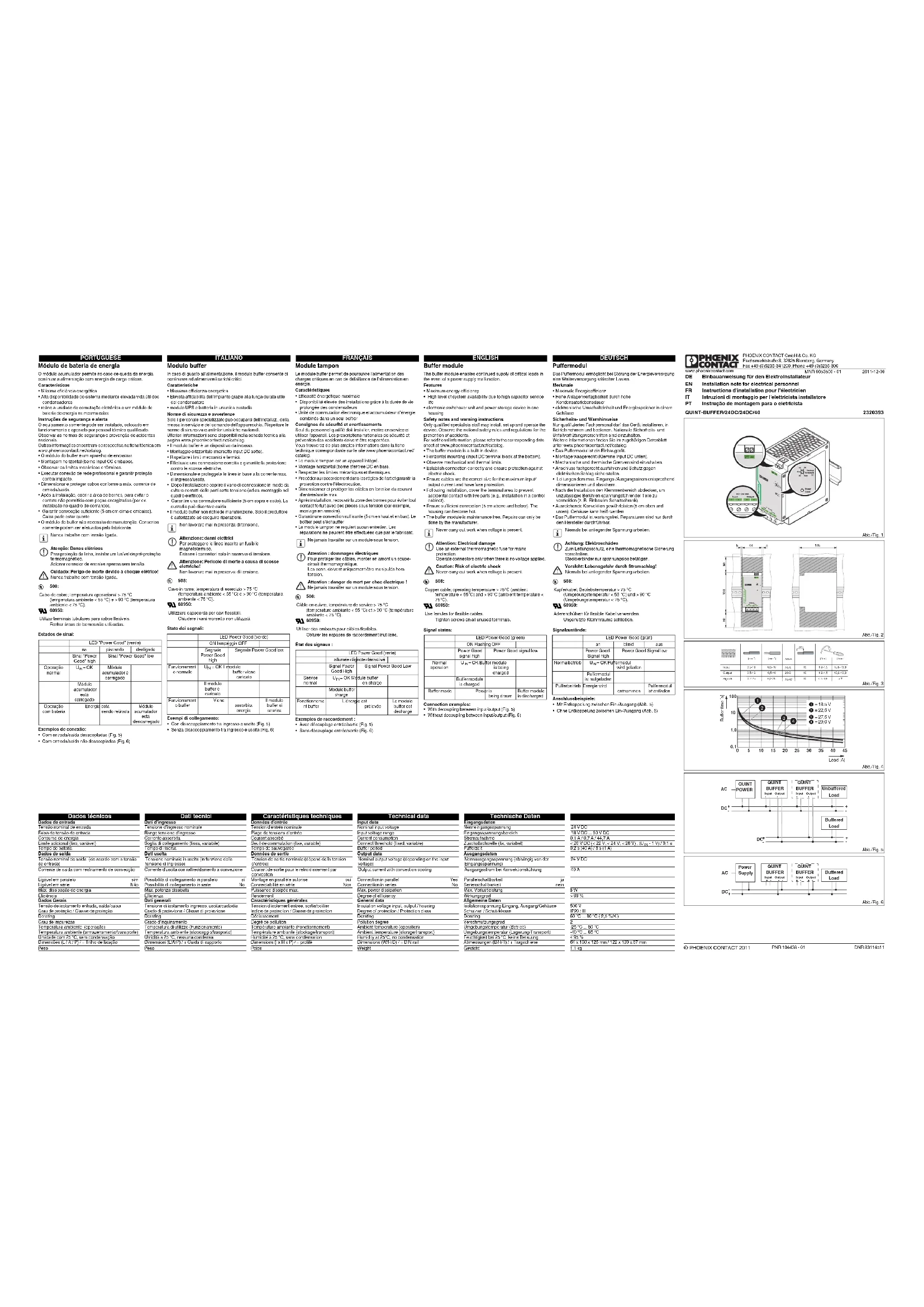 = OK Il modulo buffer viene caricatoIl modulo buffer è caricatoFunzionamento buffer! Viene assorbita energiaIl modulo buffer si scarica Module tampon Le module buffer permet de poursuivre l'alimentation des charges critiques en cas de défaillance de l'alimentation en énergie.Caractéristiques• Efficacité énergétique maximale
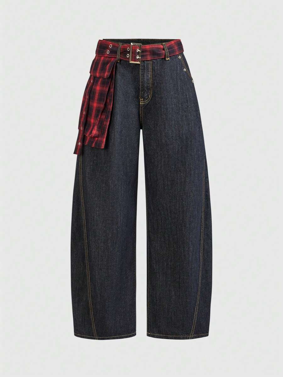 EDITION Y2K Retro American Style Plaid Skirt Hem Layered Flared Leg Jeans
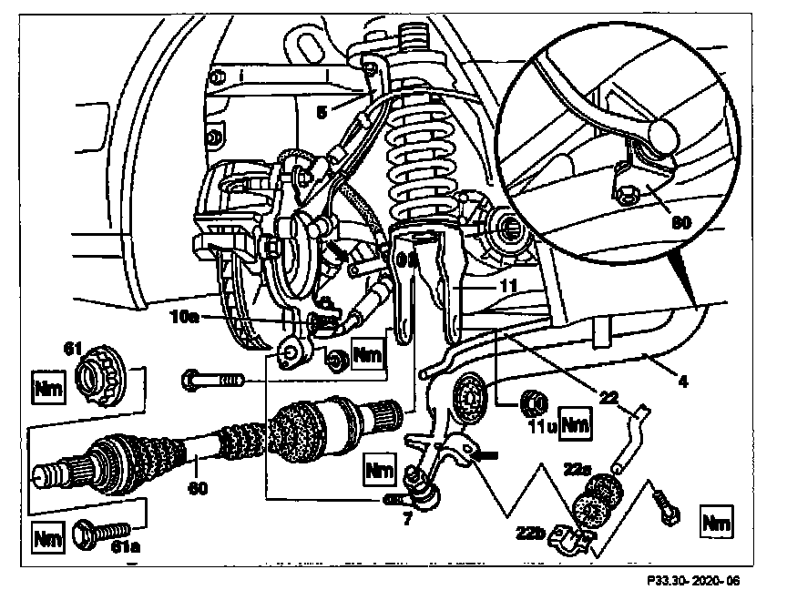 2. On second version detach hexagon collared bolt (61a) from front axle shaft
------------------------------------
• _TASK PROMPT_
Copy the data exactly. Pictures do not belong in the copy.

• _ANSWER FOR THE TASK_
 = OK Il modulo buffer viene caricatoIl modulo buffer è caricatoFunzionamento buffer! Viene assorbita energiaIl modulo buffer si scarica Module tampon Le module buffer permet de poursuivre l'alimentation des charges critiques en cas de défaillance de l'alimentation en énergie.Caractéristiques• Efficacité énergétique maximale
 EDITION Y2K Retro American Style Plaid Skirt Hem Layered Flared Leg Jeans
 2. On second version detach hexagon collared bolt (61a) from front axle shaft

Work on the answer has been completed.